Not quite the views I was hoping for
So convinced was I that the fog would lift when I woke up in Stykkishólmur on day two of my road trip around Iceland (the fog doesn’t lift in this place, I learnt, not until you’re not paying attention anymore), that I turned right at the fork instead of left. Though foolhardy, my route was deliberate. I was attempting to journey to the centre of the earth, or at least to the volcano, Snæfellsjökull, where Jules Verne’s adventurers began such a journey. The Snæfellsnes Peninsula on which the volcano is found, I was told, was beautiful. I can’t verify this, however; I saw nothing. Admitting defeat and having lost an hour each way in the process, I turned around, and began my journey to Mývatn, a lake in Iceland’s north east.
Part of the drive, which took 10 hours from tent zip to tent zip, involved my anxiety-inducing road of mud.
First gear. Second. Third. No, too fast, back to second. And then, third for longer, fourth, and the return of the radio (there was great solace to be found in the fact that I hadn’t yet lost radio signal – I wasn’t as off the map as I thought I was). My grip relaxed and I started to enjoy driving along a road that offered mountains and volcanoes and lava fields (and sludge) for company.
The end of the road – and tar at last
The muddy road survived (with furious glee), my journey continued. To a small fishing town where I ate peanut butter sandwiches for lunch and through Akureyri, Iceland’s second largest city with a population of just 20,000 people. I detoured to Goðafoss, a waterfall where pagan statues were destroyed in the year 1000 after Christianity was declared Iceland’s official religion, and stopped at a place that I thought was a remote guesthouse but, judging by the family sitting around the table when I knocked on the door, was actually someone’s home. I was invited in warmly when I asked to use the bathroom.

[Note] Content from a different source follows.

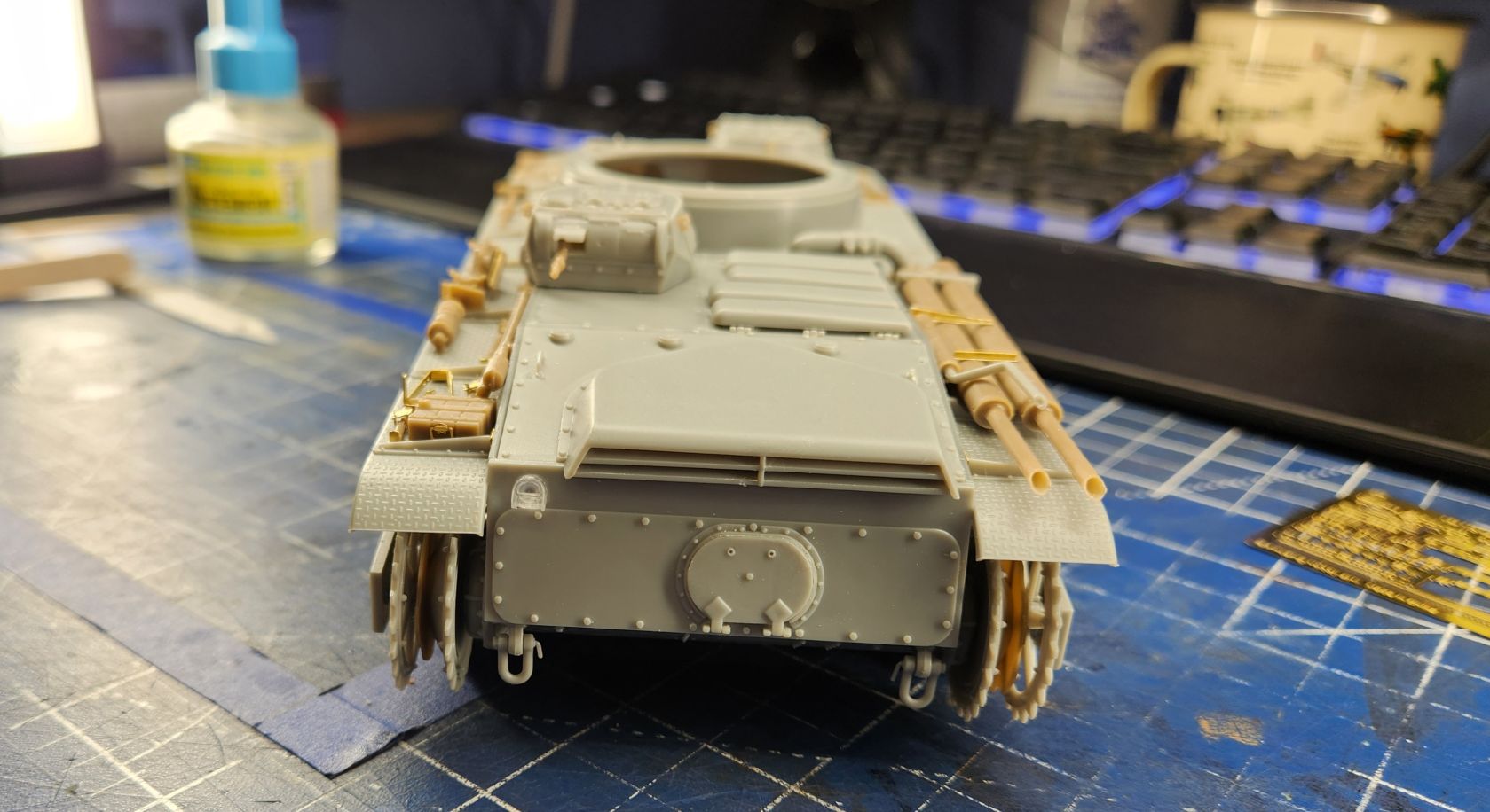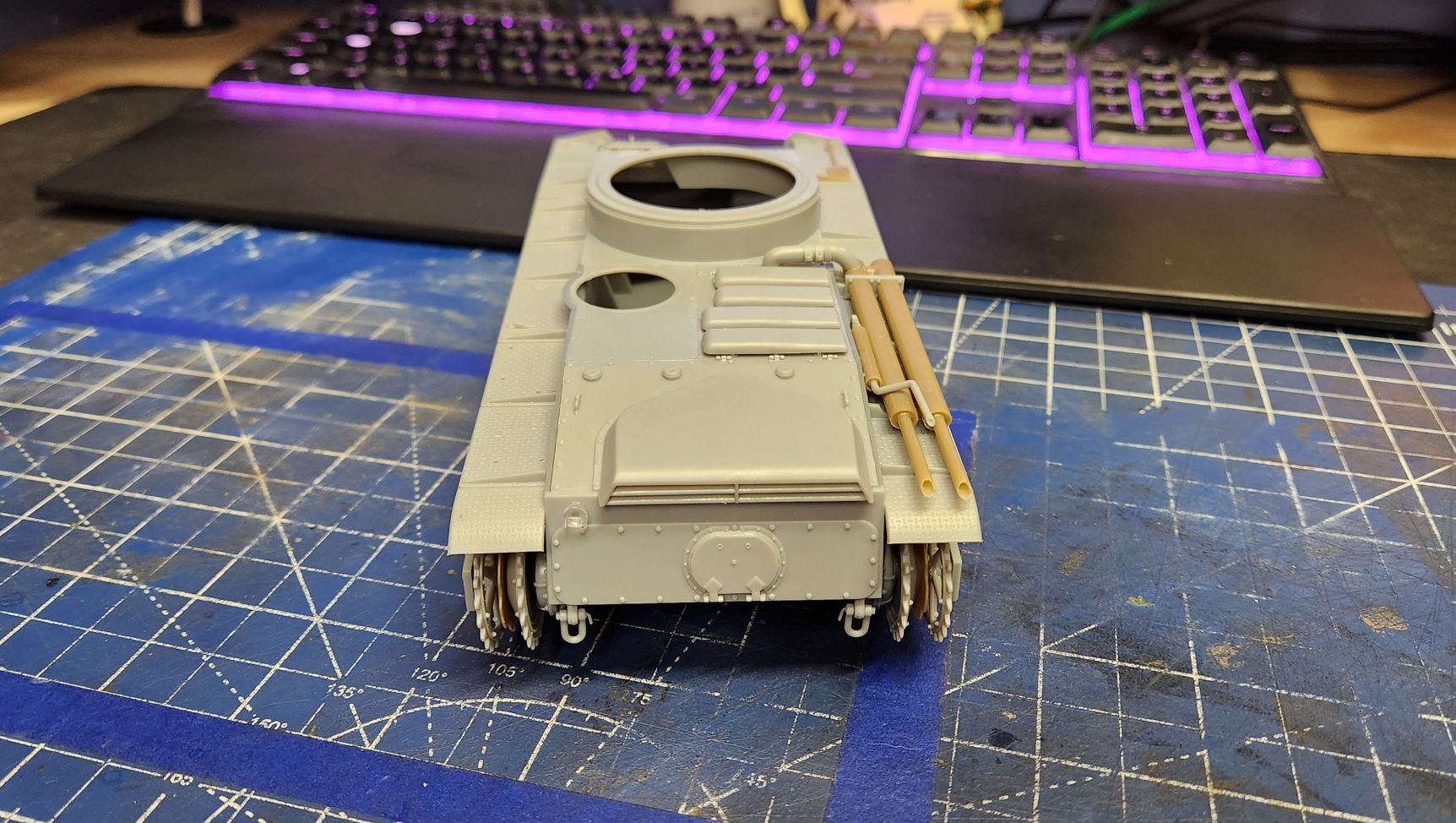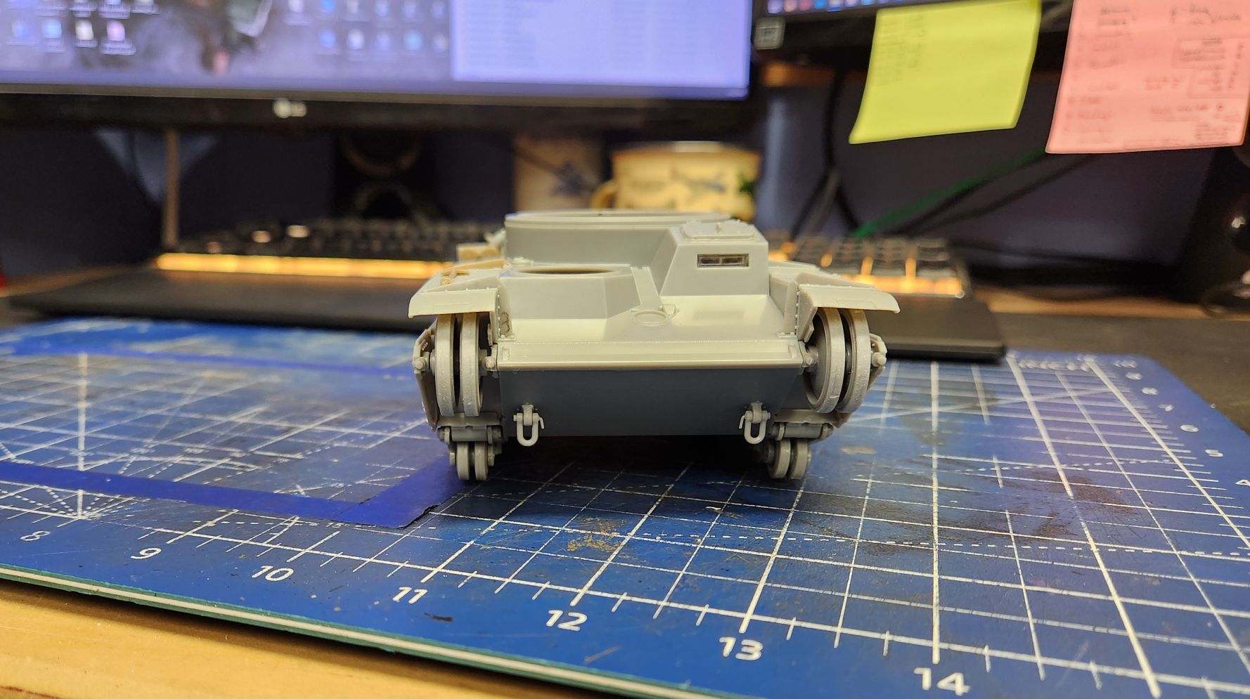 I can’t recall if I posted a starting pic or not and I can’t be arsed right now to scroll back through eight months of posts, but I am going with Amusing Hobby’s Neubaufahrzeug, which I finally got a start on today:

Dried fish hung by the dozen in the small village of Hvammstangi, where I ate my lunch
I put foot to pedal around corners so gentle and continuous they felt like I was tracing the edges of the human form. I watched my thoughts, contemplating how severe my feelings of anxiety could be at times, how much I was prone to furious internal fretting and self-criticism. I noticed how quickly these feelings subsided if I persevered just a little. I listened to the news in Icelandic and pop songs on a radio station with the frequency 957 – I played with the pronunciation aloud: nine five seven; níu fimm sjö.
Every moment offered a vista more dramatic than the last
At dusk, around 10pm or so, my green tent set up just metres away, I sat on a bench on the edge of Mývatn and watched the sun go down (the skies having cleared just when I least expected it). The midges cleared too (Mývatn mean lake of midges), the ducks chattered and I wrote a few pages in my journal that ended with the words: I am exactly where I need to be.